Previously, I used the following three tools to do quick assembly of our Olympia oyster PacBio data:

I’m just posting this quick overview to make it easier to follow what was actually done without having to read through three different notebook entries and corresponding Jupyter notebooks.

When I say “quick assembly”, I mean it. The entire assembly process probably takes about an hour on the computer I used – that seems fast.
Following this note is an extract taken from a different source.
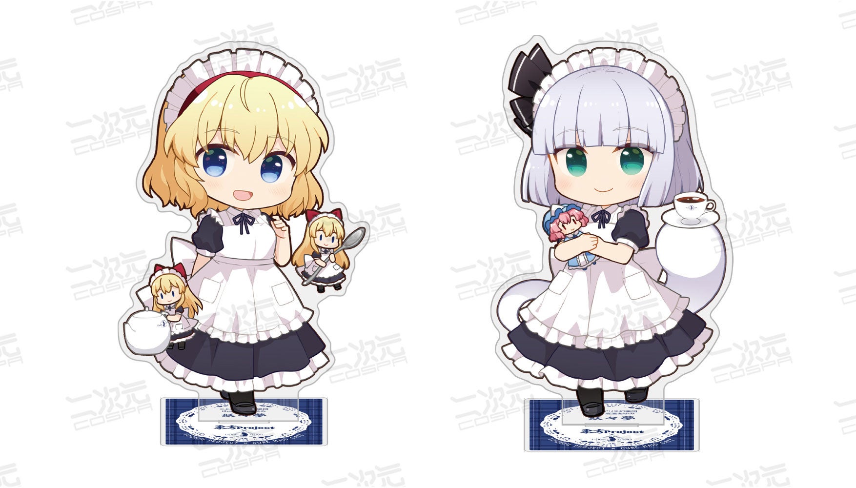 『東方Project』より、秋葉原のCURE MAID CAFÉ制服姿の魂魄妖夢、アリス・マーガトロイドの「アクリルスタンド」をはじめ、「フルグラフィックTシャツ」など新グッズが二次元コスパから登場です。

Here’s the quick and dirty of what was done:

1 Run minimap:

This uses a pre-built set of defaults (the ava-pb in the code below) for analyzing PacBio data. Minimap only accepts two FASTQ files and you need to map your FASTQ file against itself. So, if you have multiple FASTQ sequencing files, you have to concatenate them into a single file prior to running minimap.

minimap2 -x ava-pb -t 23 
20170911_oly_pacbio_cat.fastq 
20170911_oly_pacbio_cat.fastq 
> 20170911_minimap2_pacbio_oly.paf

2 Run miniasm:

This uses your concatenated FASTQ file and the PAF file output from the miniasm step. The code below is taken from the example provided in the miniasm documentation; there are other options available.

miniasm 
-f 
/home/data/20170911_oly_pacbio_cat.fastq /home/data/20170911_minimap2_pacbio_oly.paf > /home/data/20170918_oly_pacbio_miniasm_reads.gfa

3 Convert miniasm output GFA to FASTA

The FASTA file is needed to re-run minimap in Step 4 below.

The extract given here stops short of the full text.